Você deve compreender também que embora preencha todos os requisitos, o número certo de técnicas, todas as formalidades, e tenha acumulado o número apropriado de horas de treino, pode ainda não estar qualificado para ser um faixa preta. Obtê-la não é uma entidade quantitativa que se possa medir ou pesar como comprar feijão no mercado. Sua faixa preta está relacionada com você enquanto pessoa, como você se conduz dentro e fora do dojo, sua atitude para com o seu mestre e para com os colegas, seus objetivos na vida, como você lida com os obstáculos em sua vida e como persevera no treinamento são todas condições importantes para a obtenção da faixa preta. Ao mesmo tempo, você se torna um modelo para outros alunos e finalmente alcança o status de professor ou instrutor assistente. No dojo, suas responsabilidades são maiores do que as dos alunos regulares e você é responsável por muito, muito mais do que os estudantes juniores.

Treinar nada tem a ver com ranks ou faixas, troféus ou distintivos. Arte marcial não é simplesmente brincar com as nossas fantasias. Ela se relaciona com a própria vida e a morte, não somente a forma como nos protegemos em uma situação crítica, letal, mas também como protegemos as vidas dos outros. Você não pode ser outra pessoa, não importando se é um astro do cinema, um grande professor ou um multimilionário. Você deve se tornar você mesmo, seu self verdadeiro. Uma pessoal normal vive apenas 50% ou talvez 80% da sua vida, sem nunca saber quem ela é. Um artista marcial vive 100% da sua vida e se torna impecável. É isto o que o verdadeiro faixa preta deve compreender dentro de si mesmo, ele não é ninguém a não ser ele mesmo, e sua prática o conduz a iluminação para dentro da sua verdadeira identidade, seu self real, Esta é a essência de treinar artes marciais.
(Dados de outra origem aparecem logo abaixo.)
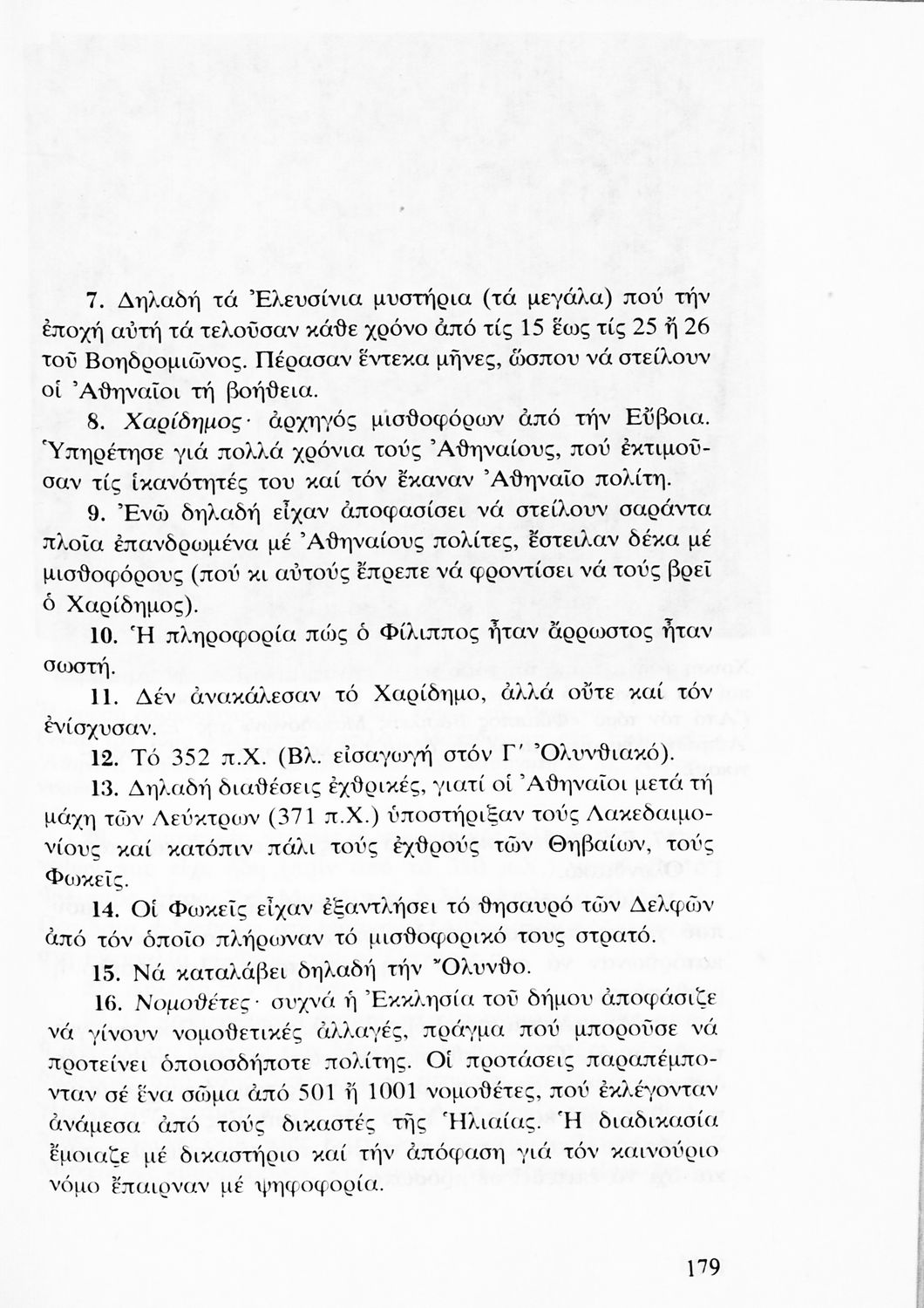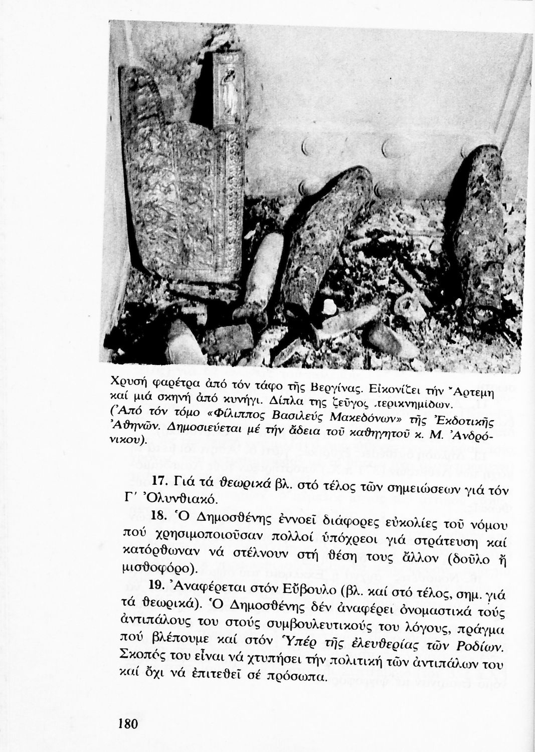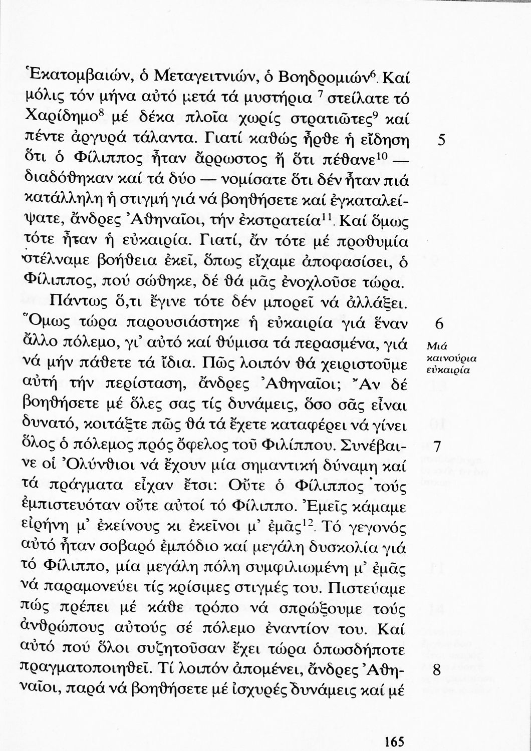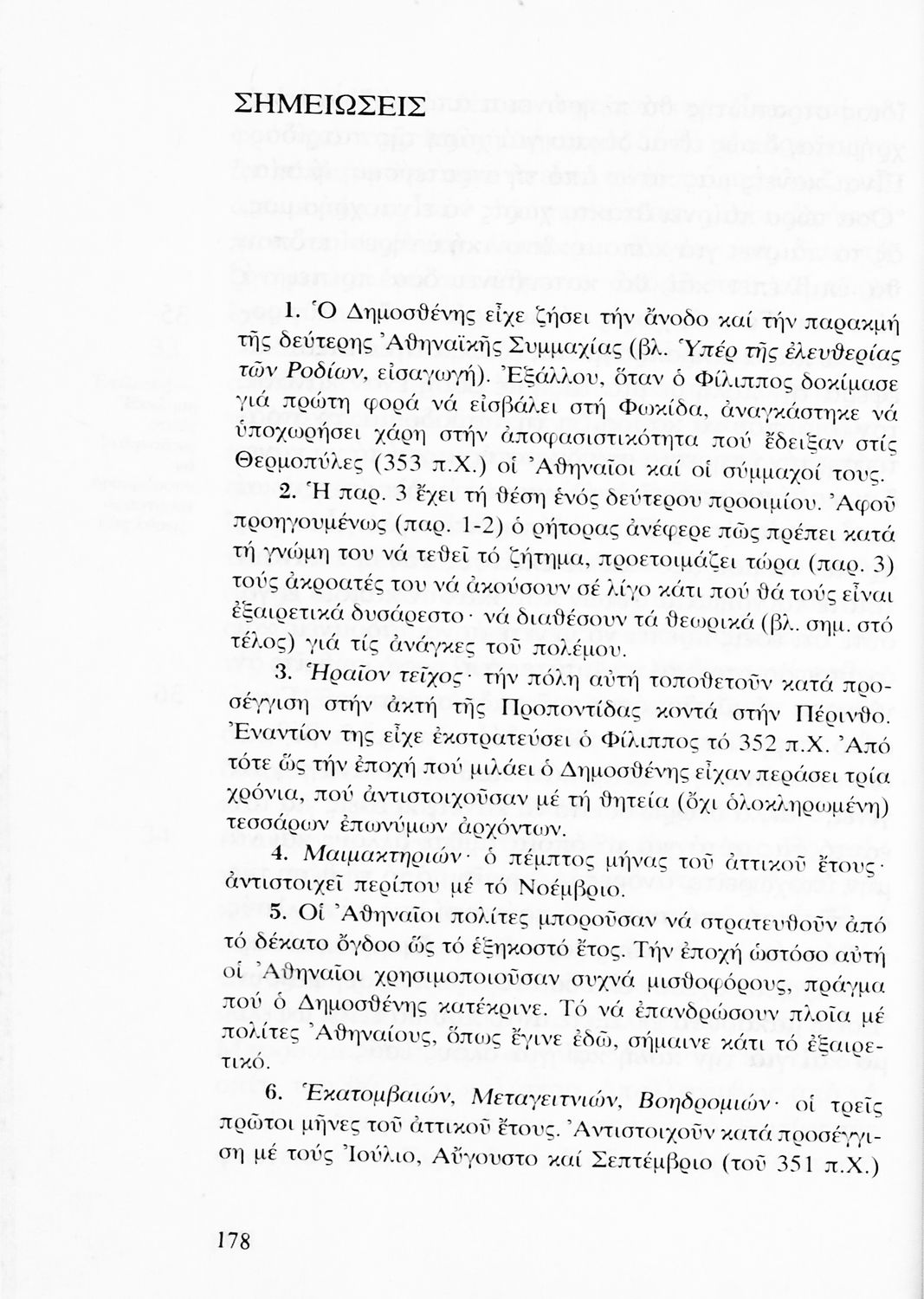 Σχολικό εγχειρίδιο Αρχαίων Ελληνικών Β΄ Γυμνασίου που περιέχει τους Λόγους του Δημοσθένη Φιλιππικός Α΄ και Γ΄, και ερμηνευτικές και πραγματολογικές παρατηρήσεις.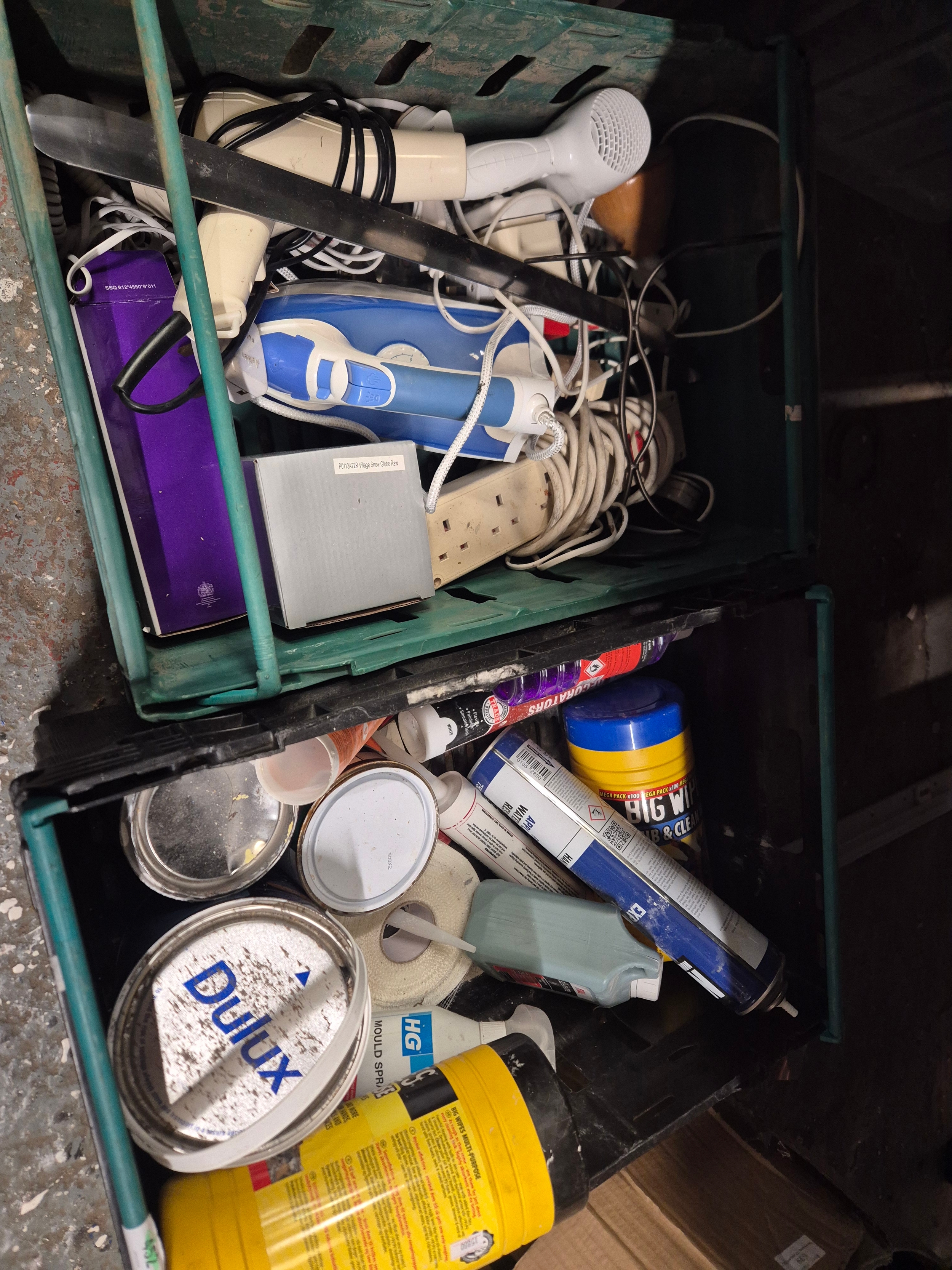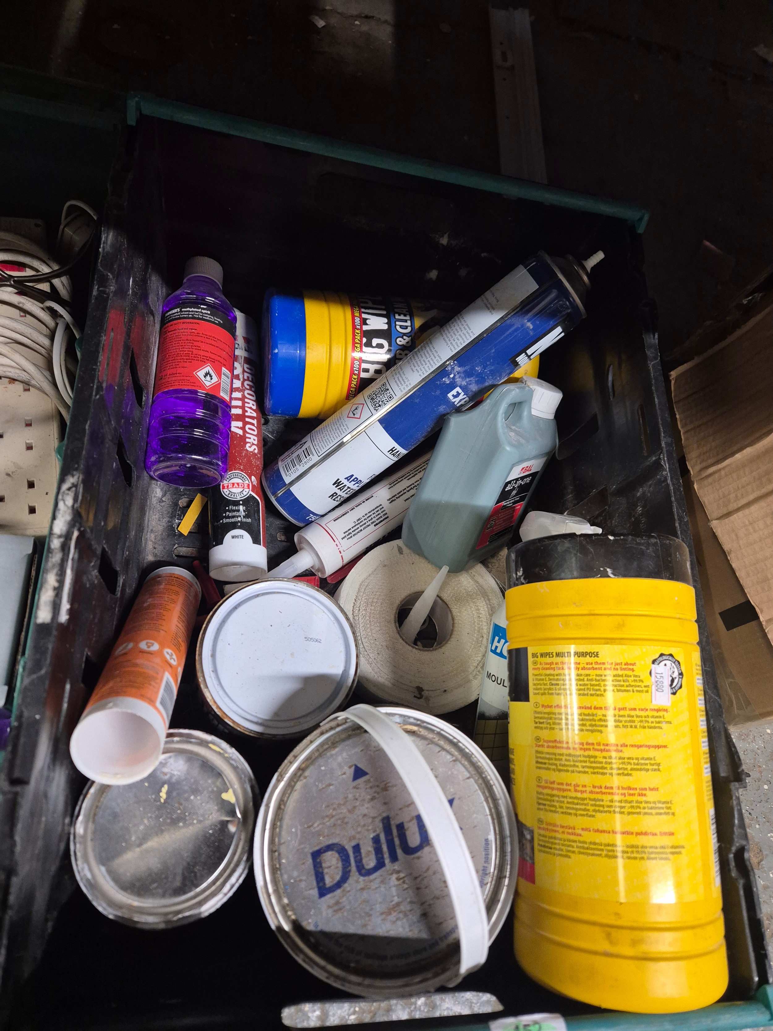 2 trays of paint, DIY and electricals (crates not included)

Para obter a faixa preta, primeiramente pense em perdê-la, não em ganhá-la. Sawaki Kodo, um mestre zen, sempre dizia, "ganhar é sofrer, a perda é iluminação." Se alguém perguntar a diferença entre os artistas marciais das gerações anteriores e aqueles da atualidade, eu resumiria desta forma: os artistas marciais das gerações passadas viam o treinamento como uma "perda". Interromperam tudo por sua arte e por sua prática, deixaram suas famílias, trabalho, segurança, fama, dinheiro, tudo, para se aperfeiçoarem. Hoje pensamos apenas sobre ganhos, "quero isto, quero aquilo." Queremos praticar artes marciais mas também queremos dinheiro, um bom carro, fama, telefones portáteis e tudo aquilo que todo o mundo tem. Shajyamuni Buddha deixou seu reino, seus palácios, uma bela esposa e tudo o mais para finalmente buscar a iluminação. O primeiro estudante de Boddhidharma, considerado o fundador do Kung Fu Shaolin, cortou fora seu braço esquerdo para estudar com seu mestre, Não temos que tomar medidas drásticas, como essa, para aprender artes marciais hoje, mas não devemos esquecer o espírito e a determinação dos grandes mestres do passado.

Quando o estudante vê o seu treino do ponto de vista da perda ao invés do ganho, ele se aproxima do espírito da maestria e verdadeiramente se torna merecedor de uma faixa preta. Somente quando você finalmente pára de pensar em graus, faixas, troféus, fama, dinheiro e na maestria em si mesma, você obterá aquilo que é realmente importante no treinamento. Seja humilde, seja gentil. Cuide dos outros e coloque todos à sua frente. Estudar artes marciais é estudar a si próprio, sua própria identidade, nada tem a ver com grau. Um grande mestre zen disse certa vez: "estudar o zen é esquecê-lo. Esquecer o zen é compreender todas as coisas."